Und so kommt es, daß besagter Kollege von mir hier in der weiteren Region (eben etwas "auf dem Lande") einen Verein zusammen mit Aktiven gegründet hat. Und dieser Verein stellt Tipp-Kick auf örtlichen Messen, auf Stadtfesten, auf Sportfesten etc. vor.
Trotz des weit höheren Alters von Tipp-Kick verglichen mit Rollenspielen hat Tipp-Kick KEINE Nachwuchssorgen. Im Gegenteil.
Natürlich sieht das mit Rollenspielern etwas anders aus.
Wenn sich vier Schulkumpels ohne Freundinnen ständig in der Bude hockend vom Rest der Welt abkapseln, dann finden sie (neben keiner Freundin) auch keinen Rollenspielnachwuchs.
Das ist eher der Knackpunkt (auch in Zeiten des demographischen Wandels).
Spieleinteressierte gibt es nämlich wie Sand am Meer. Wer kauft denn die jährlichen Neuerscheinungen auf der Spiel (vor allem im z.T. hochpreisigen Brettspielbereich)? Das sind nicht die 15 Jährigen, sondern deren Eltern.
Und wer sagt denn, daß ein Rollenspieleinsteiger mit Pickelfresse und Stimmbruch ringen muß?
Wir haben im Verein z.B. Einsteiger mit Ende 30, Anfang 40 nicht nur gehabt, sondern als inzwischen regelmäßige, aktive Spieler gewinnen können.
Vergeßt bitte die Erwachsenen Spiele-Freaks als "Rekrutierungsmasse" nicht. Da gibt es eine ganze Menge an Leuten, die über die sehr festen Gerüste der meisten Brettspiele hinauszugehen sich nicht nur trauen, sondern den Geschmack an "Rollenspielartigem" (z.B. Rundbound) oder an tatsächlichen Rollenspielen finden.

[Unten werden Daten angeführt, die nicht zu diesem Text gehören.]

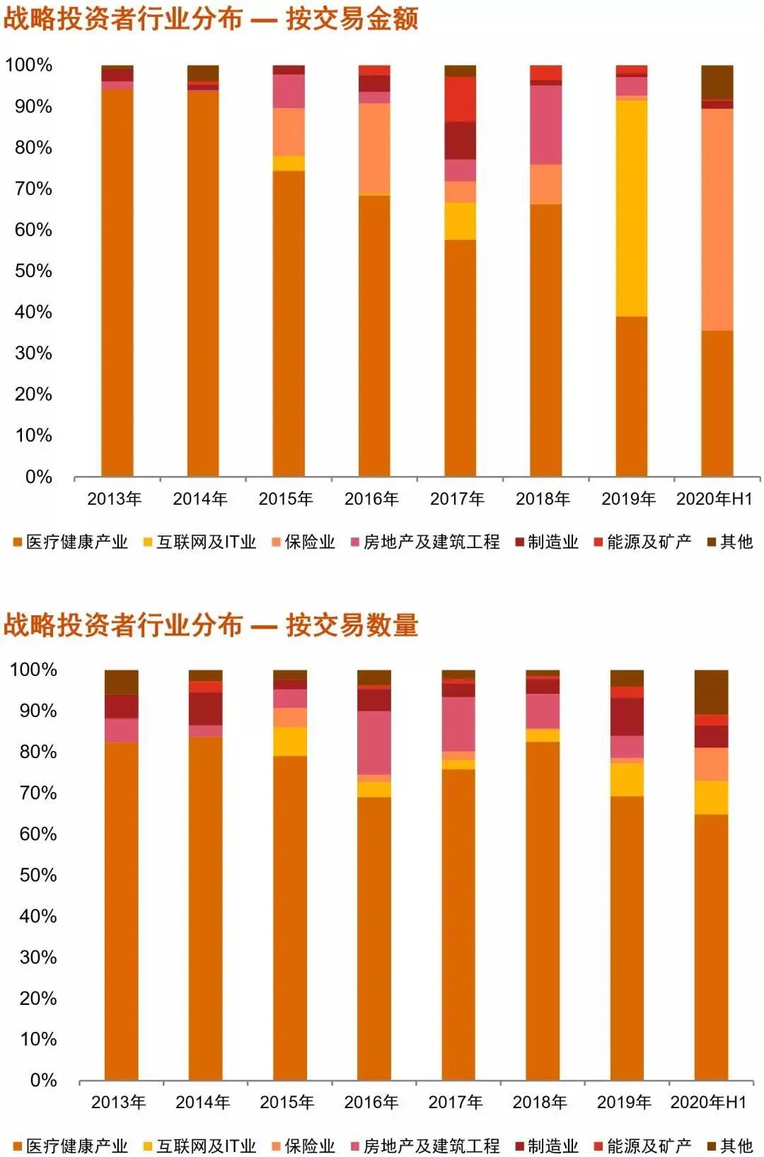 疫情助推下,醫(yī)療健康服務(wù)行業(yè)逆周期特點(diǎn)凸顯,更多的產(chǎn)業(yè)投資者希望借助跨界轉(zhuǎn)型尋求新的業(yè)務(wù)增長(zhǎng)點(diǎn)。非醫(yī)療健康產(chǎn)業(yè)的戰(zhàn)略投資人參與并購(gòu)活動(dòng)交易金額占比從2013年的6%提升至2020H1的64%,交易數(shù)量占比相應(yīng)從18%提升至35%。2020年上半年,在保險(xiǎn)業(yè)及其他產(chǎn)業(yè)投資者主導(dǎo)的并購(gòu)交易帶動(dòng)下,非醫(yī)療健康產(chǎn)業(yè)的戰(zhàn)略投資人在交易金額和交易數(shù)量占比在2019年基礎(chǔ)上進(jìn)一步提高4%。
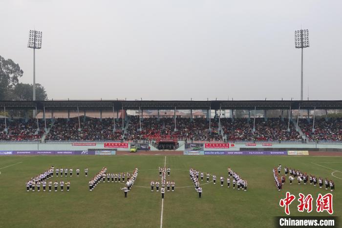 2月15日,第二届中尼友谊足球赛在尼泊尔加德满都举行,尼泊尔军乐团在比赛开幕表演中摆出“CHINA”字样。记者 崔楠 摄
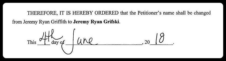 As you may have noticed throughout this entire piece, I’ve mentioned achievements, milestones, and accomplishments that have been tied to this peculiar fellow: Jeremy Griffith, the previous me. As of June 2018, however, my name was legally changed to Jeremy Grifski.
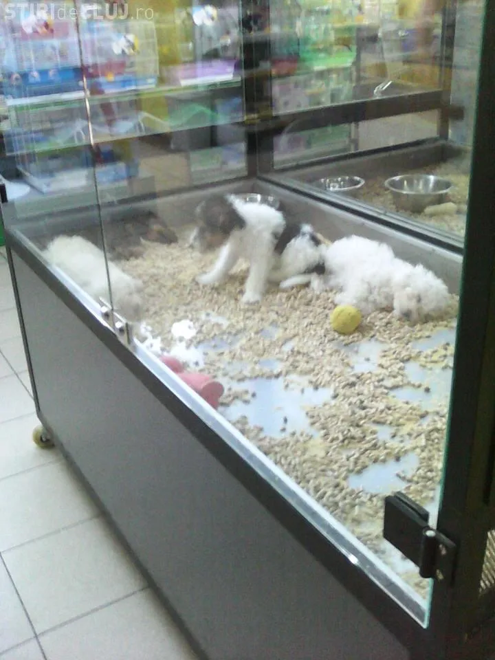 Mai mulți căței sunt chinuiți într-un petshop din Cluj-Napoca, iar iubitorii de animale se întreabă ce se poate face.
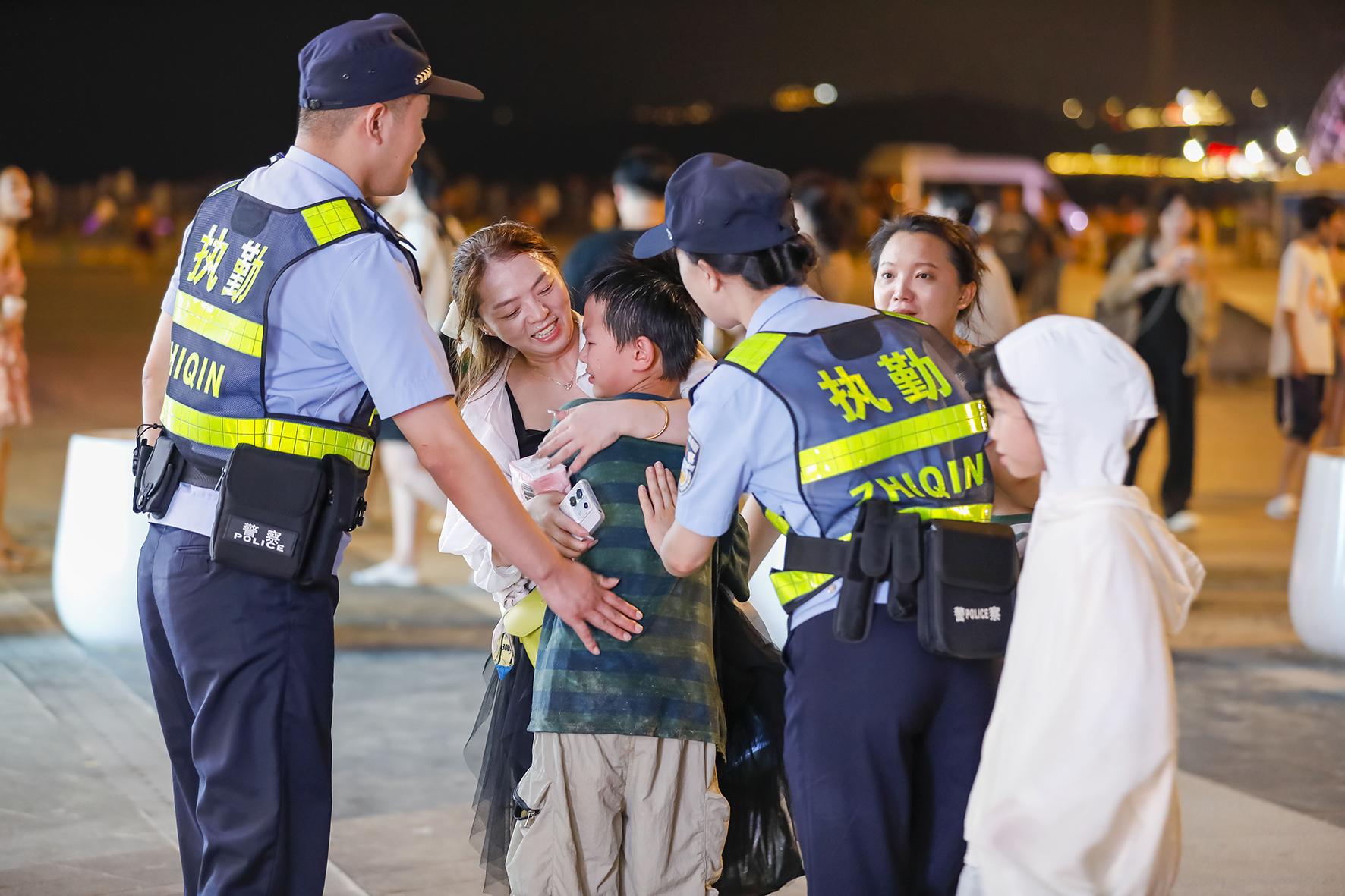 8月11日晚,福建省平潭綜合實(shí)驗(yàn)區(qū)公安局民警在龍王頭海洋公園幫助一名走失的兒童找到家長。
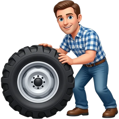 a man turning a tractor tire emoji
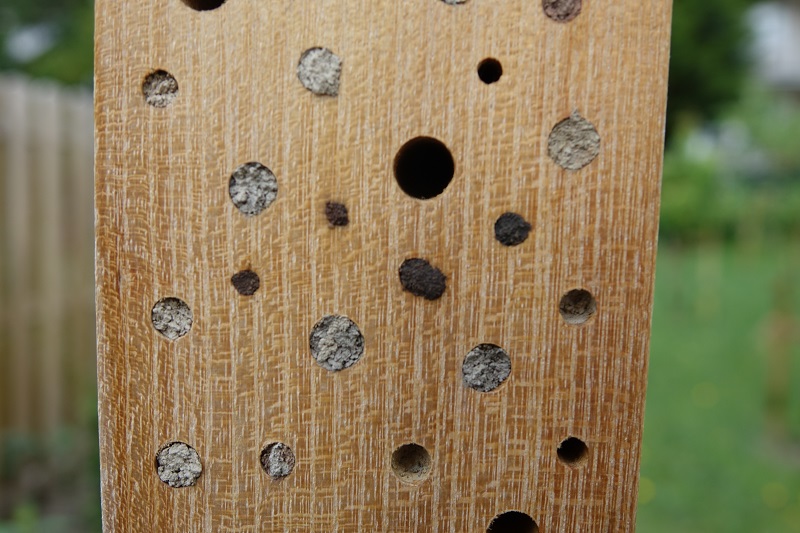 Die Nisthilfen haben wohl nicht so ganz gereicht - alle diesjährig zur Verfügung gestellten Holz- und MDF-Blöcke sind zugemauert. Manche der Löcher sind nicht ganz bis vorn genutzt worden.
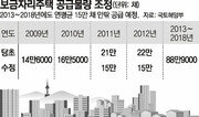 올해 공급될 보금자리주택이 당초 21만 채에서 15만 채로 줄어들고, 대부분 소형(60m² 이하) 아파트 위주로 지어진다. 권도엽 국토해양부 장관(사진)은 27일 정부과천청사에서 출입기자단과 간담회를 갖고 “2018년까지 보금자리주택 150만 채를 공급한다는 당초 목표는 유지하되 올해 공급목표는 6만 채 정도 줄일 것”이라고 밝혔다. 그는 또 “현재 보금자리주택의 70% 이상이 중소형(65m² 초과∼85m²)인데, 이를 소형 위주로 바꿔 민영주택 시장과 경쟁하지 않도록 조정하겠다”고 말했다. 국토부는 이와 관련해 60m² 이하 물량을 70∼80%로 늘리고, 나머지는 60m² 초과∼74m²로 공급하는 방침을 마련해 금명간 공개할 예정이다. 이런 조치는 주 사업자인 한국토지주택공사(LH)의 경영 사정상 대규모 투자가 어려운 점을 고려한 것이다. 서울 강남·서초, 경기 과천 등 인기 주거지역에 시세의 85% 수준으로 공급되는 보금자리주택이 민간주택 시장에 영향을 미쳐 건설경기 침체를 부추긴다는 지적도 반영됐다. 권 장관은 주거환경 개선보다 자산 증식을 목적으로 한 아파트 리모델링에 대해서는 부정적인 의견을 보였다. 그는 “재건축은 40년 정도 돼야 가능하기 때문에 이를 피해서 리모델링을 하려는 생각이 있다”며 “노후화가 많이 진행됐다면 리모델링을 허용해야 하나 그렇지 않은 경우에는 사회적으로도 지양하는 게 바람직하다”고 말했다. 이에 따라 다음 달로 예정된 정부의 리모델링 제도 개선안에 분당 등 신도시 주민과 야당 의원들이 요구해온 ‘수직 증축 및 주택 수 증가’를 불허하거나 제한하는 내용이 담길 가능성이 커졌다. 뉴타운 사업과 관련해서는 “사업 추진이 지지부진한 곳은 출구전략을 마련하고, 사업이 가능한 곳은 용적률을 높여 사업성을 높여줄 예정”이라고 했다. 한편 권 장관은 태풍 메아리로 인한 집중호우로 둑이 일부 유실된 상주보와 관련해 “설계가 미흡한 점이 있었던 것 같다”며 문제가 있었음을 시인했다. 또 일부 교각이 무너진 호국의 다리(왜관철교)에 대해선 “철저한 원인 규명을 지시했으며 설계·시공업체를 통해 복구 책임을 지게 하도록 하겠다”고 밝혔다. 황재성 기자 jsonhng@donga.com}
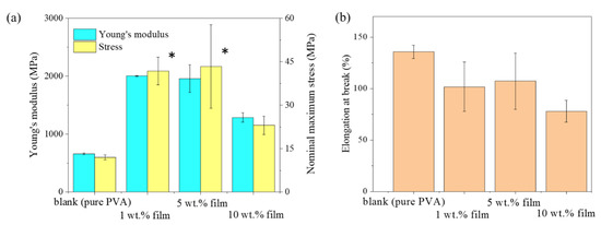 Mechanical properties of pure PVA and hemp/PVA composite films: (a) Young’s modulus and nominal maximum stress (b) Elongation at break (%). * denotes significant difference (p ≤ 0.05) was found between data.
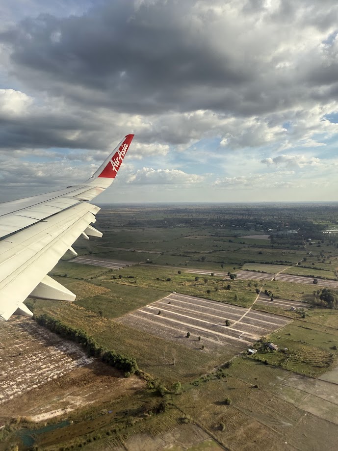 A potem, nagle jak po zmianie scenografii, pojawiła się Kambodża — spokojna, zielona, poprzecinana polami i brązowymi drogami, które wyglądały jak narysowane kredką.
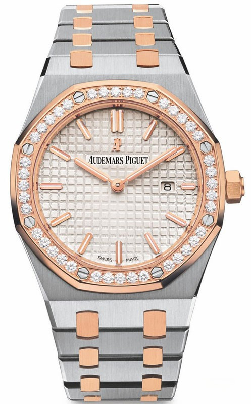 Часы Audemars Piguet Royal Oak Quartz Steel and Gold выпущены в корпусе из нержавеющей стали и розового золота 18к, размером 33 х 7 мм с водонепроницаемостью 50 м. Внутри корпуса установлен кварцевый механизм, Калибр АР 2713. На серебристом гильошированном Grande Tapisserie циферблате отображаются часы, минуты и дата. Часы комплектуются браслетом из нержавеющей стали и розового золота 18к. Безель из 40 белых бриллиантов общим весом 0.73 ct.
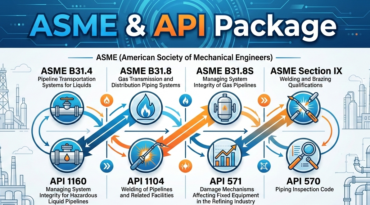 ASME & API Package Course ASME B31.4, ASME B31.8, ASME B31.8S, ASME IX, API 1160, API 1104, API 571 and API 570Pipelines play a vital role in our economy. Pipeline operators have a duty to preserve public safety and the environment. Responsible employees of a pipeline operator have a duty to thoroughly understand and rigorously ... |
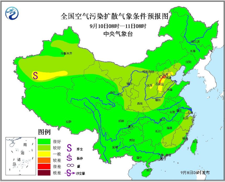 此外,8日至10日,京津冀部分地區大氣擴散條件逐漸轉差,有輕至中度霾天氣。10日夜間起,受冷空氣影響,上述地區大氣擴散條件逐漸轉好。
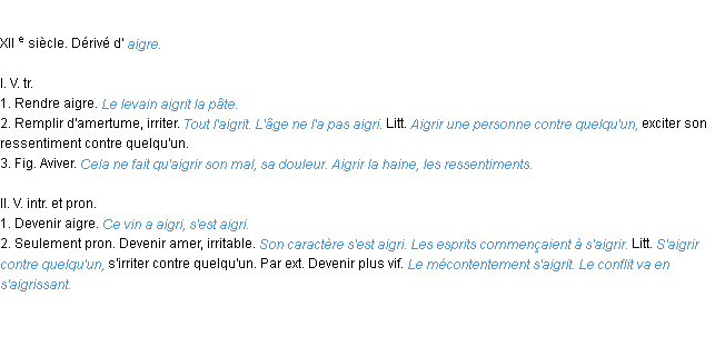 Ancienne définition de « aigrir » de source académique (Académie Française, parution de 1798).Merci à Noella et Odile pour la numérisation du mot aigrir.
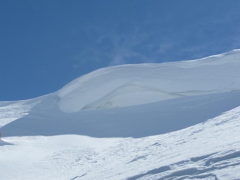 Cornices are ginormous and may break further back than you might expect. As the mercury begins its uphill migration this week, we'll definitely wanna give these huge boxcar pieces of snow a wide berth.
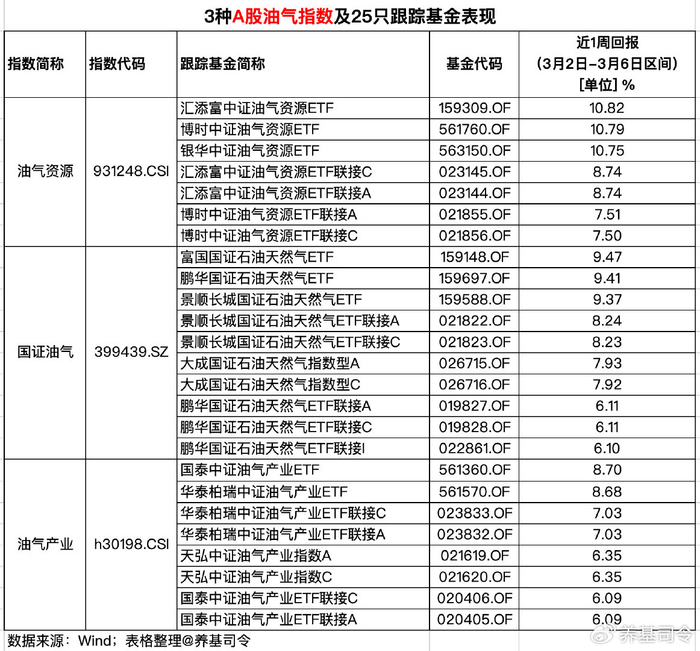 从上周(3月2日-3月6日区间)表现来看,油气资源(931248.CSI)上涨10.90%,国证油气(399439.SZ)上涨9.50%,油气产业(h30198.CSI)上涨8.74%。
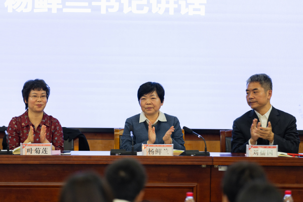 杨鲜兰代表学校感谢各地教育局给予学校的信任和大力支持,详细介绍了“优师计划”师范生培养的推进情况,并对同学们提出三点期望:一是要厚植教育报国情怀,到祖国和人民最需要的地方去;二是要提升专业素养,一步一个脚印走好为学为师之路;三是要牢记嘱托,以优师强师服务教育强国建设。
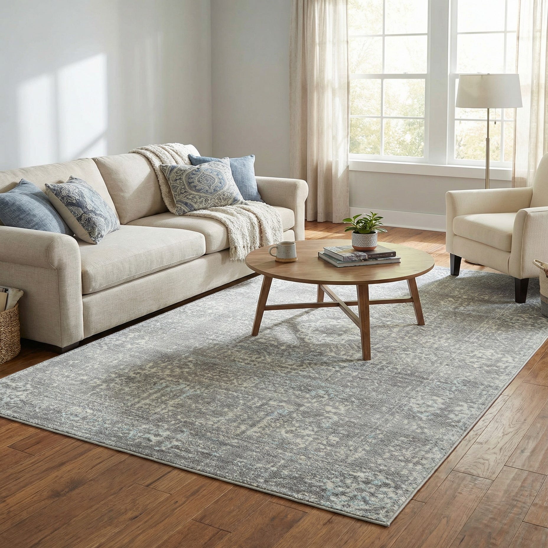 This subdued palette and classic pattern work well in a range of interiors: anchor a seating area in a contemporary living room, layer under a bed in a serene bedroom, or place beneath a dining table to soften the space. Pair it with light- to medium-toned wood floors and linen or leather upholstery for a balanced look, or use navy and charcoal accents for a touch of contrast. The understated finish also complements both modern and transitional furnishings, making it an easy choice for updating existing decor.
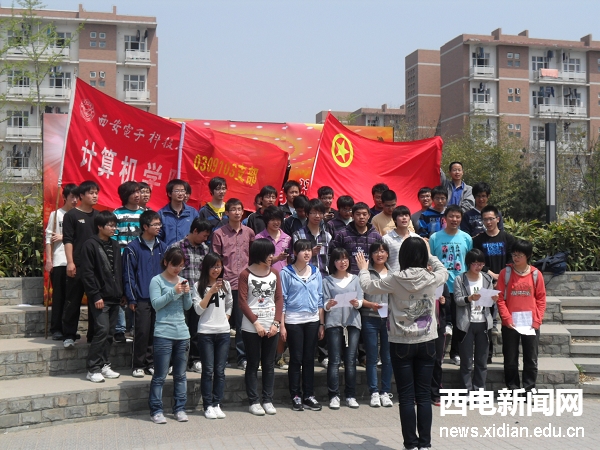 西电新闻网讯(通讯员 王迪 沈淑秋)2011年4月14日正午,计算机学院“五四红歌会”于竹园餐厅门口拉开帷幕。该活动有校团委主办,各院系团委协助举行,旨在以怀念革命老歌为载体激发同学们的爱国之情。
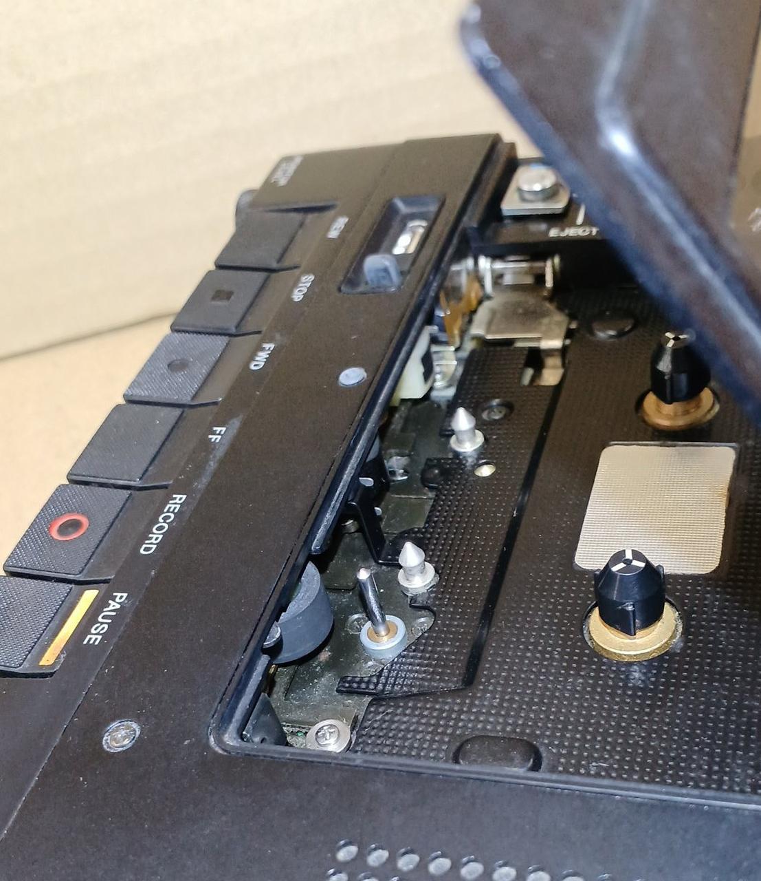またカセットの蓋がかなり緩く、本体を傾けるだけで勝手に蓋が空いてしまいます/またカセットの蓋、しっかり閉まりません |
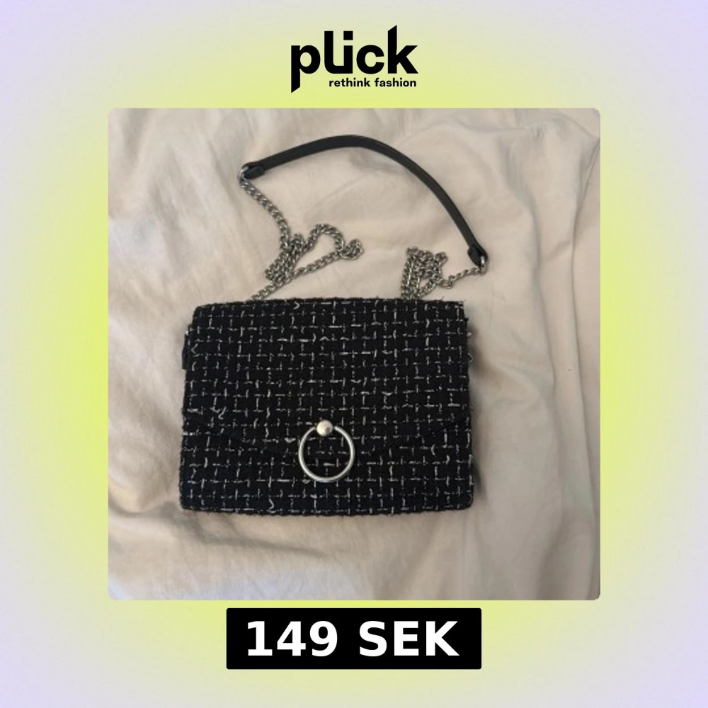 Stilren svart axelväska i rutigt tyg med silverfärgad kedjerem och en snygg ringdetalj på locket. Väskan har ett mjukt innerfoder och stängs med magnetknapp. Perfekt storlek för mobil och småsaker, och ger en cool touch till din outfit.
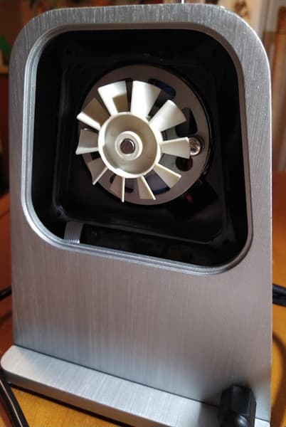К сожалению, разобрать Redmond RMG-M1250-8 не удалось: винты на корпусе оказались закручены так крепко, что отвинтить их мы не смогли. Шлицы были дороги нам как память, так что наращивать и так уже немалые усилия мы не стали. Добраться получилось только до вентилятора.
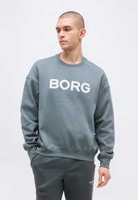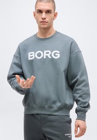 Νέος άνδρας με κοντά μαλλιά που φοράει γκρι φούτερ με το κείμενο "BORG", κοιτάζει προς τα πλάγια, τα χέρια στις τσέπες του παντελονιού.

Das Problem sehe ich eher darin, daß es Kontaktschwierigkeiten gibt, die nur durch das Schaffen einer förderlichen Umgebung gesenkt werden können. Ich meine, welcher Enddreißiger mit eigenen Kindern ist sogleich bereit sich von einem 17-Jährigen Spielleiter führen zu lassen? Und welcher 17-Jährige ist im Spiel mit mehr als doppelt so alten Leuten sofort locker und unbefangen? - Das stellt sich aber schnell ein, wenn es z.B. in einem Verein einfach NORMAL ist, quer über alle Altersgruppen miteinander zu spielen.
Wer miterleben durfte, wie eine Einsteigerin im Rollenspiel mit Anfang 40 in einer Runde zusammengesetzt aus Spielern aus jedem "Jahrzehnt" (Teens, Twens, 30er, 40er) genauso eingestiegen ist, genau die Begeisterung, das Erstaunen, das Austesten der eigenen Möglichkeiten, das Sich-Einlassen auf eine fremde Welt gezeigt hat, der - so ging es mit jedenfalls - fühlte sich an seine eigenen Anfängererfahrungen erinnert. Da gibt es gar keinen Unterschied im Empfinden, in der Begeisterungsfähigkeit.
Das geht in der Kampfkunst, das geht im Tipp-Kick, das geht auch beim Rollenspielen.
Solange es noch Leute gibt, die sich zum Rollenspiel zusammenfinden, solange existiert das Hobby weiter. Von "überholt" könnte man nur sprechen, wenn es durch etwas neueres, etwas, daß das alte Rollenspiel-Hobby ablösen müßte, gibt. Und diese tolle neue Rollenspiel 2.0 müßte sich auch noch global so durchsetzen, daß niemand mehr das herkömmliche Rollenspiel spielen wollte.
Komisch, aber Rollenspiel-Neuerungen wie LARP, Erzählspiele, Computer-Rollenspiele, etc. haben eigentlich immer nur zusätzliche Angebote, erweiterte Möglichkeiten geschaffen, aber nicht das existierende Pen&Paper ersetzt, abgeschafft, veralten gelassen.
Langer (wie üblich) Rede, kurzer Sinn: Von "überholt" beim Rollenspiel-Hobby zu sprechen, ist völliger Unfug.